_Material supplied:_
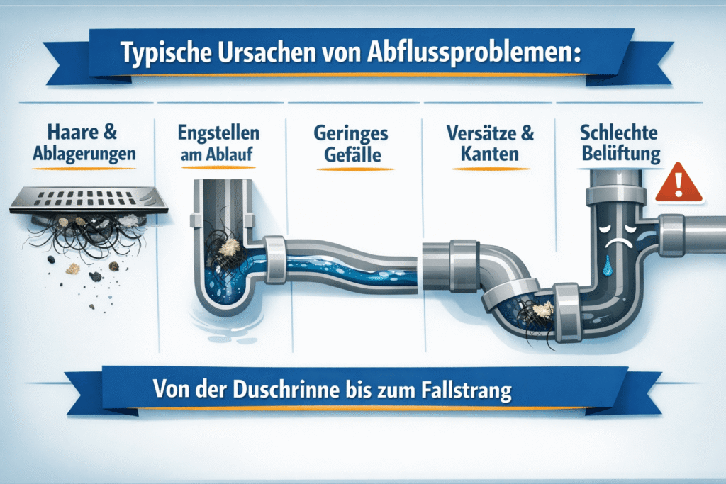 Wiederkehrende Störungen entstehen häufig nicht nur durch die Haarmenge, sondern durch eine Kombination aus Geometrie und Strömung. Im Objekt wirken Kanten an Ablaufkörpern, flache Gefälle und kleine Querschnitte wie Sammelpunkte, an denen sich Haare zuerst festsetzen und anschließend weitere Stoffe binden. Deshalb kann derselbe Haushalt unterschiedliche Problemstellen haben, obwohl die Nutzung gleich bleibt.
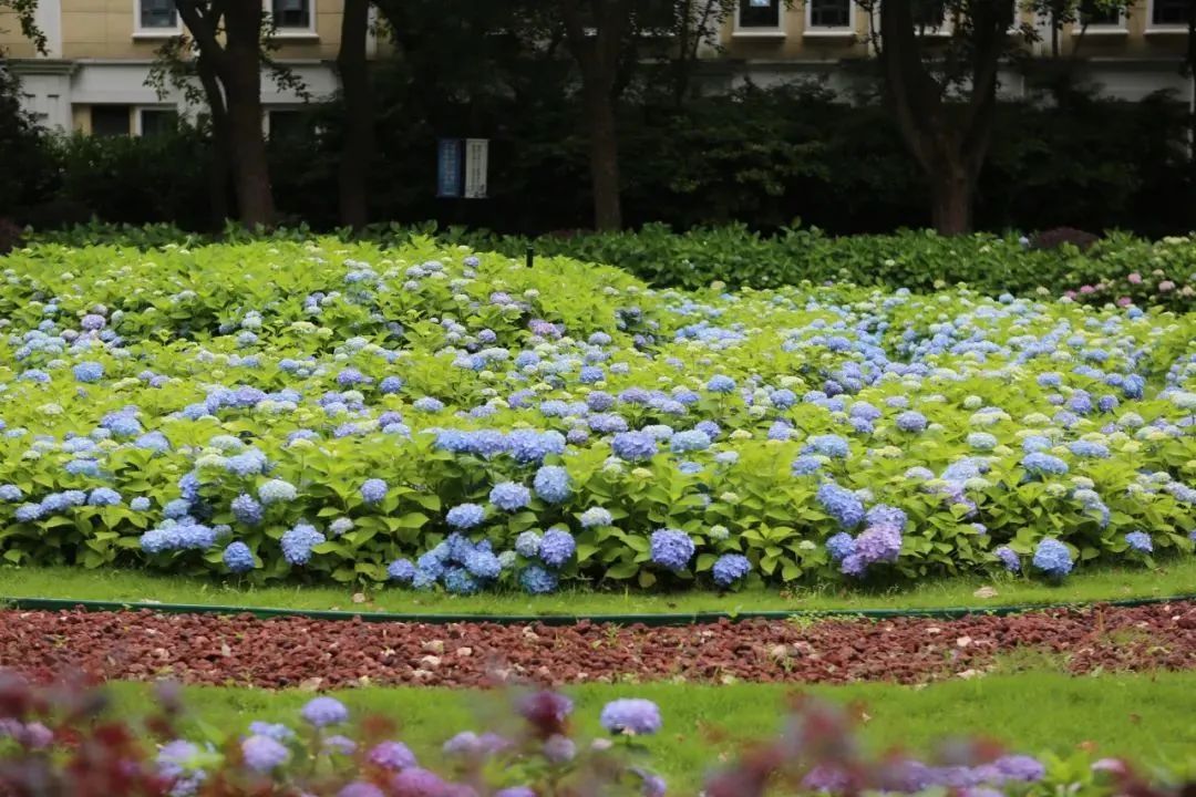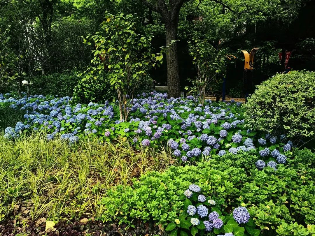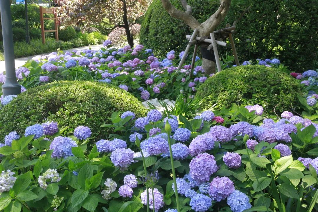 绣球纯粹的蓝紫色在观赏花卉中珍贵难得,品种繁复,花形精妙。在上海的气候条件下,绣球是沪上夏季花开最热闹的园林植物,可谓是初夏公园的“颜值担当”,在城市景观“彩化”中不可或缺。
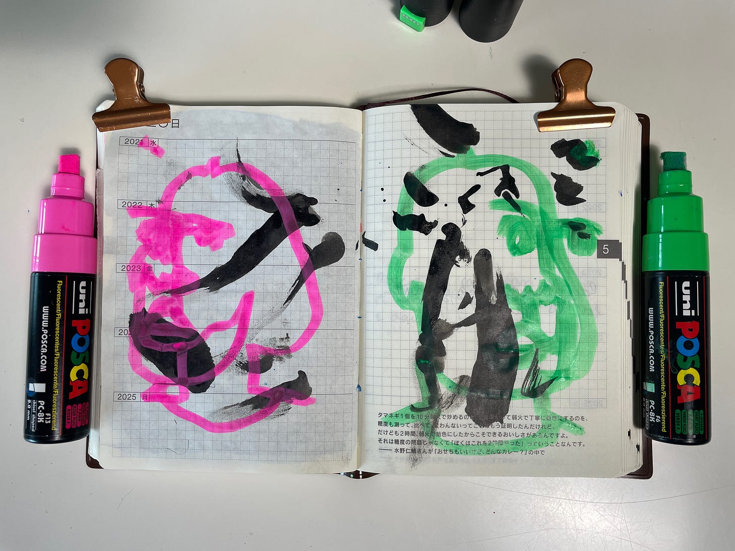 I decided to grab my two Uber-chunky posca markers and, holding one in each hand, did blind contour selfies 🫣
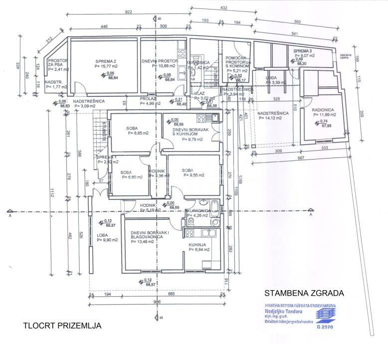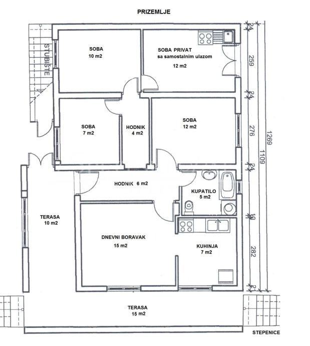 Prizemlje: Dva useljiva stana (100 m²), svaki s vlastitim ulazom i klima uređajem.
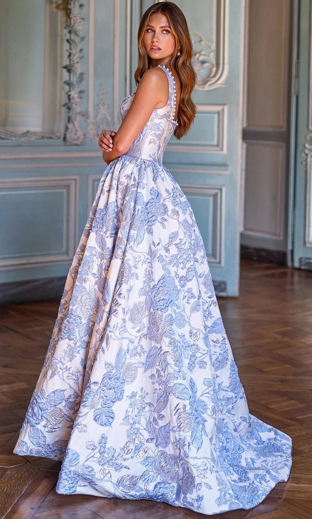 Impeccable structure and romance unite in the Sherri Hill 57731, a gown created for lasting impressions. A tailored scoop neckline complements the fitted bodice, while the full ballgown skirt adds depth and grandeur. Delicate floral motifs and pearl accent highlight the gown refined artistry, creating visual richness from every angle. Ideal for formal events or galas, it offers a luxurious interpretation of timeless femininity. Sherri Hill 57731 celebrates poise and artistry through its impeccable silhouette and design. Model is wearing Ivory/Light Blue color.
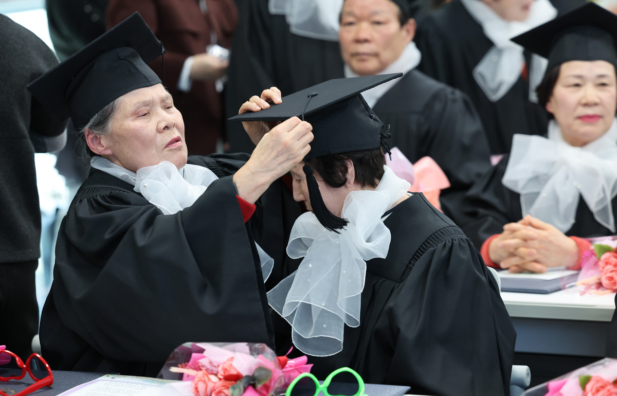 28일 서울 영등포구 영등포구청 별관에서 열린 2025학년도 영등포늘푸름학교 졸업식에서 졸업가운을 입은 어르신들이 학사모를 만져주고 있다. 늘푸름학교는 초등 중학 학력을 인정받는 성인문해학교다.
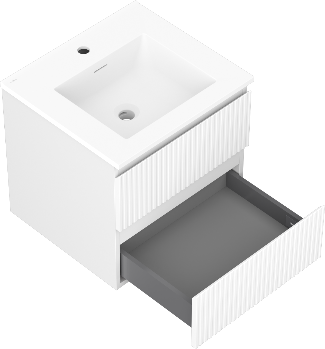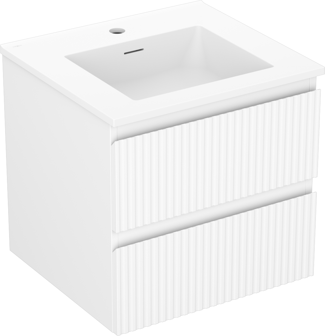Mexen Rivel Badezimmerschrank 50 cm mit Waschbecken Otis, 2 Schubladen, lamellenförmig, weiß matt - 91A20-05047-2-BFF01-W18M01
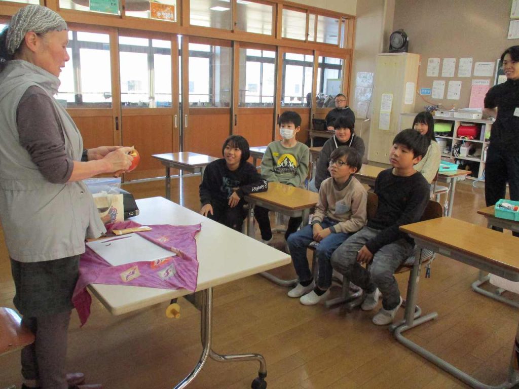 その方は、小学3年生のころから視力がだんだんと弱くなり、今では目が見えないそうです。子どもたちは、そんな中でも包丁を使ってリンゴやキュウリを手際よく切る姿に、とても驚いていました。
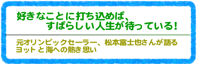 先輩方の力添えを受けて、充実した大学生活を送ることができた松本さん。卒業して就職先を探すときも、思わぬ助けが入りました。実業団ヨット部を立ち上げようとしていた、巴工業という会社から「ヨットを続けたいのなら、ウチに来ないか」と声を掛けられたのです。
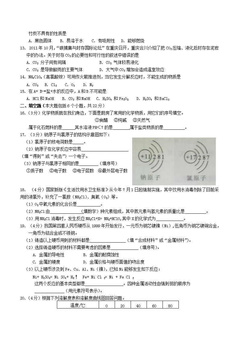 【文档名称】 2012年重庆九龙坡中考化学真题及答案(Word版).doc
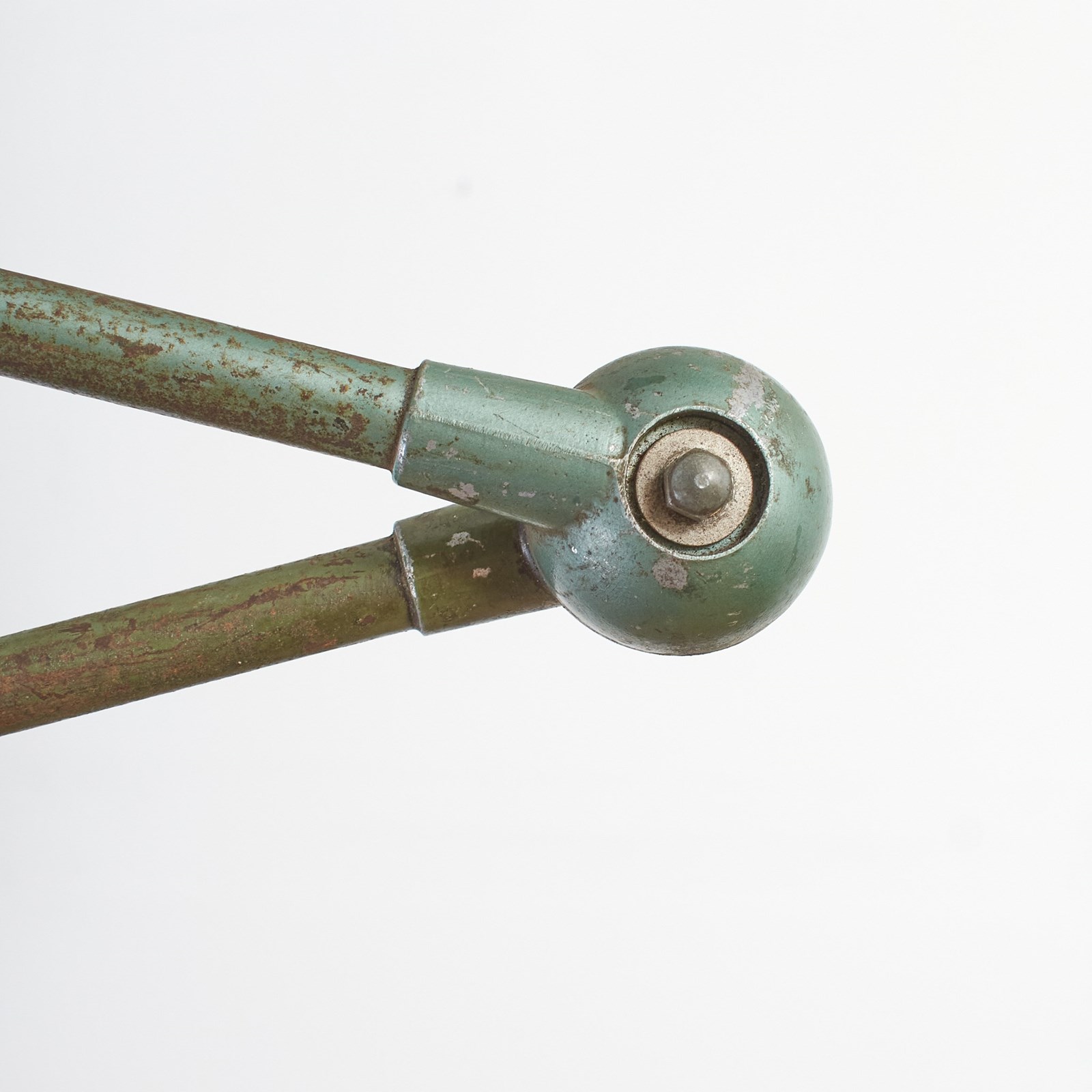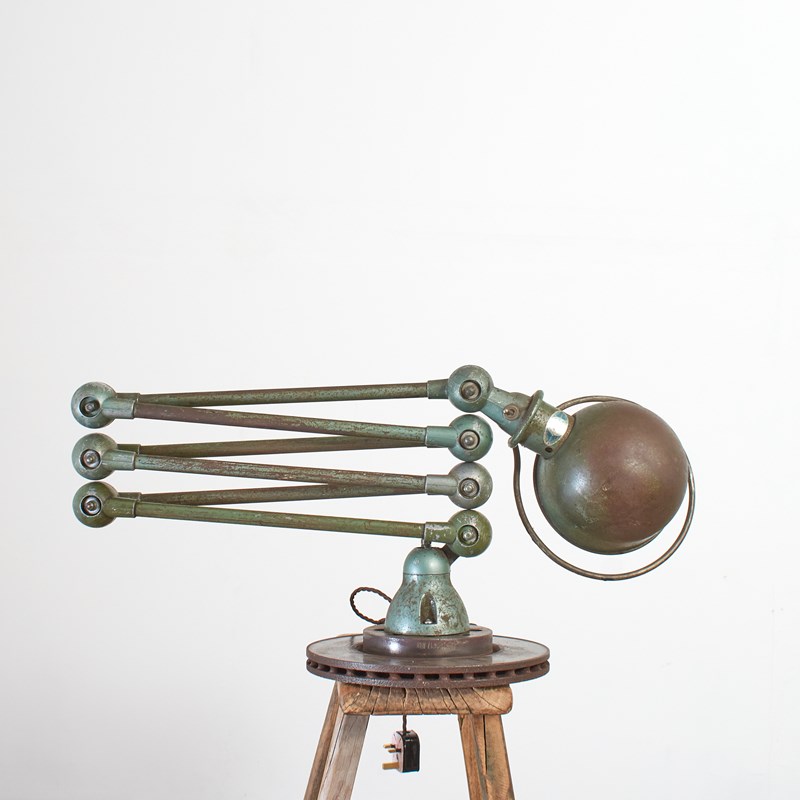 A truly versatile industrial lamp designed by Jean-Louis Domecq – The name “Jielde” comes from the French pronunciation of his initials: Ji-eL-De, these lamps have no internal wiring at the joints so can articulate with amazing flexibility, reducing and increasing height or changing direction with ease. This model is called the ‘standard’ lamp. The lamp shade and arms are steel, the base and joints are aluminium. The lamp retains its original Jielde plate on the shade neck.

_Task details:_
The response should consist of the entries above, given again exactly and free of pictures.

_Result of this exercise:_
 Wiederkehrende Störungen entstehen häufig nicht nur durch die Haarmenge, sondern durch eine Kombination aus Geometrie und Strömung. Im Objekt wirken Kanten an Ablaufkörpern, flache Gefälle und kleine Querschnitte wie Sammelpunkte, an denen sich Haare zuerst festsetzen und anschließend weitere Stoffe binden. Deshalb kann derselbe Haushalt unterschiedliche Problemstellen haben, obwohl die Nutzung gleich bleibt.
 绣球纯粹的蓝紫色在观赏花卉中珍贵难得,品种繁复,花形精妙。在上海的气候条件下,绣球是沪上夏季花开最热闹的园林植物,可谓是初夏公园的“颜值担当”,在城市景观“彩化”中不可或缺。
 I decided to grab my two Uber-chunky posca markers and, holding one in each hand, did blind contour selfies 🫣
 Prizemlje: Dva useljiva stana (100 m²), svaki s vlastitim ulazom i klima uređajem.
 Impeccable structure and romance unite in the Sherri Hill 57731, a gown created for lasting impressions. A tailored scoop neckline complements the fitted bodice, while the full ballgown skirt adds depth and grandeur. Delicate floral motifs and pearl accent highlight the gown refined artistry, creating visual richness from every angle. Ideal for formal events or galas, it offers a luxurious interpretation of timeless femininity. Sherri Hill 57731 celebrates poise and artistry through its impeccable silhouette and design. Model is wearing Ivory/Light Blue color.
 28일 서울 영등포구 영등포구청 별관에서 열린 2025학년도 영등포늘푸름학교 졸업식에서 졸업가운을 입은 어르신들이 학사모를 만져주고 있다. 늘푸름학교는 초등 중학 학력을 인정받는 성인문해학교다.
Mexen Rivel Badezimmerschrank 50 cm mit Waschbecken Otis, 2 Schubladen, lamellenförmig, weiß matt - 91A20-05047-2-BFF01-W18M01
 その方は、小学3年生のころから視力がだんだんと弱くなり、今では目が見えないそうです。子どもたちは、そんな中でも包丁を使ってリンゴやキュウリを手際よく切る姿に、とても驚いていました。
 先輩方の力添えを受けて、充実した大学生活を送ることができた松本さん。卒業して就職先を探すときも、思わぬ助けが入りました。実業団ヨット部を立ち上げようとしていた、巴工業という会社から「ヨットを続けたいのなら、ウチに来ないか」と声を掛けられたのです。
 【文档名称】 2012年重庆九龙坡中考化学真题及答案(Word版).doc
 A truly versatile industrial lamp designed by Jean-Louis Domecq – The name “Jielde” comes from the French pronunciation of his initials: Ji-eL-De, these lamps have no internal wiring at the joints so can articulate with amazing flexibility, reducing and increasing height or changing direction with ease. This model is called the ‘standard’ lamp. The lamp shade and arms are steel, the base and joints are aluminium. The lamp retains its original Jielde plate on the shade neck.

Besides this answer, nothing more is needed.